What really bothered me on a personal level, though, was the sexism throughout the encounter. I haven’t had many encounters with sexist women, but when I meet one, she really throws me for a loop. Notice that, although she knew I was married to an aspiring professor, this woman didn’t seem to think for a second that maybe I was an academic, too. In her mind, I was a pure and innocent girl-child who’d been unwittingly snatched up by an evil liberal elitist. Furthermore, she maintained a respectful distance from my husband, even while she was chewing him out; when she started talking to me, though, she felt perfectly entitled to my personal space. Also, I loved her hypocrisy: “She doesn’t need men to defend her, because she’s not explicitly saying no! This is a woman’s bar, so I’ll attack any woman I want!”

And it didn’t stop there. The next morning, after I’d spent the night mulling over the issues that I wrote about above, I bounced some ideas off of Tomemos and his sister’s boyfriend, thinking that I might turn them into a blog entry (which, as you can see, I have). We had an interesting discussion - it was actually his sister’s boyfriend who called the woman sexist, after I’d pointed out her sexism; odd that the word didn’t occur to me. However, within hours, Tomemos had written an entry on his own blog, which basically consisted of everything I’d said to him. He gave me credit for it, but that didn’t ease what really stung: the fact that he didn’t realize I might want to speak for myself. Despite the fact that I’m a blogger (and have been longer than he has), it didn’t occur to him that I planned to retain control of my own ideas.

I was pissed at him for a little while, but I eventually realized that his behavior was a product of the system in which all of us - me, the asshole, and all the bystanders - were operating.

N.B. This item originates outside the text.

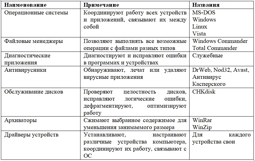 Программное обеспечение, установленное на ПК, делится на 3 разновидности:

In my experience, when a woman* is put into a compromising position, whether it’s assault or childbirth or anything in between, she’s viewed as a passive and unresponsive locus around which others take action; they feel the need to step in, intervene, rescue her, and speak for her, but never give her the opportunity to take control of her own situation. And during the encounter, I was complicit in this. As she yelled at me, I was paralyzed by my inability to come up with an exit strategy, my reluctance to prove her right by acting “elitist,” my doubt that she was actually going to hurt me (my own form of sexism?), and my disbelief that I was being attacked, for no reason, by a fellow woman and progressive. I knew I was coming across as terrified, but I didn’t know what to do besides look at Tomemos and his sister’s boyfriend as if I were silently pleading for help.

Afterwards, it felt like I became a symbol of the encounter in a way that Tomemos didn’t, even though she attacked him first. The event revolved around me, but I wasn’t considered a participant. And I let it play out that way. I couldn’t figure out how to assert myself.

How do you dismantle a system when you fall into compliance with it at the most important moments? How can we achieve our goals when we’re so eager to demonize our allies? How the fuck are we going to get anything done when women think they can dominate other women?

This is why conservatives have gained so much ground, people. They’re exploiting our weak spots and we’re too insecure to admit it.

* I’m curious - how widespread is this phenomenon? Do women in other cultures or social groups experience this, too? Also, I realize rape is an exception to this, since cases of rape are so fraught with victim-blame.